Department of Neurology and Institute of Neurology, Ruijin Hospital, Shanghai Jiao Tong University School of Medicine, Shanghai, China; Department of Pathology, Case Western Reserve University, Cleveland, OH 44106, USA.
Department of Pathology, Case Western Reserve University, Cleveland, OH 44106, USA.
Biochim Biophys Acta Mol Basis Dis. 2017 Nov;1863(11):2791-2795. doi: 10.1016/j.bbadis.2017.07.032. Epub 2017 Jul 29.

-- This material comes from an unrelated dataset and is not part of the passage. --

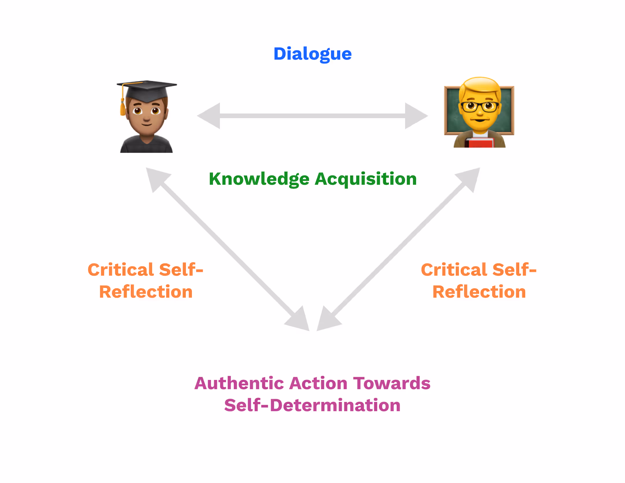 The relationship between teacher and student becomes a mutual educational process between Subjects. This ebb-and-flow of inquiry does not serve oppressors, after all, questioning "why?" will make their skin crawl at the rebuke of their power, things must be fixed to their objectivity. Therefore problem-posing exists outside a dogmatic pyramid of alienation and authoritarianism, by existing outside of this social object, we can mutually transform our knowledge of the world towards action that transforms it. Revolution becomes a vocational role expressed in solidarity with the oppressed through dialogical action. In the next chapter, we we will explore generative themes and its application to curriculums of praxis towards awakening critical consciousness.

Defect in the complex I of the mitochondrial electron-transport chain is a characteristic of Parkinson's disease (PD) which is thought to play a critical role in the disease pathogenesis. Mutations in vacuolar protein sorting 35 (VPS35) cause autosomal dominant PD and we recently demonstrated that pathogenic VPS35 mutations cause mitochondrial damage through enhanced mitochondrial fragmentation. In this study, we aimed to determine whether pathogenic VPS35 mutation impacts the activity of complex I and its underlying mechanism. Indeed, VPS35 D620N mutation led to decreased enzymatic activity and respiratory defects in complex I and II in patient fibroblasts. While no changes in the expression of the complex I and II subunits were noted, the level of assembled complex I and II as well as the supercomplex was significantly reduced in D620N fibroblasts. Importantly, inhibition of mitochondrial fission rescued the contents of assembled complexes as well as the functional defects in complex I and II. Overall, these results suggest that VPS35 D620N mutation-induced excessive mitochondrial fission leads to the defects in the assembled complex I and supercomplex and causes bioenergetics deficits.
线粒体电子传递链复合物 I 的缺陷是帕金森病 (PD) 的特征,被认为在疾病发病机制中起关键作用。液泡蛋白分选 35 (VPS35) 的突变导致常染色体显性 PD,我们最近证明,致病性 VPS35 突变通过增强线粒体片段化引起线粒体损伤。在这项研究中,我们旨在确定致病性 VPS35 突变是否会影响复合物 I 的活性及其潜在机制。事实上,VPS35 D620N 突变导致患者成纤维细胞中复合物 I 和 II 的酶活性和呼吸缺陷降低。虽然复合物 I 和 II 的亚基表达没有变化,但 D620N 成纤维细胞中组装的复合物 I 和 II 以及超复合物的水平显著降低。重要的是,线粒体分裂的抑制挽救了组装复合物的含量以及复合物 I 和 II 的功能缺陷。总体而言,这些结果表明,VPS35 D620N 突变诱导的过度线粒体分裂导致组装复合物 I 和超复合物的缺陷,并导致生物能量不足。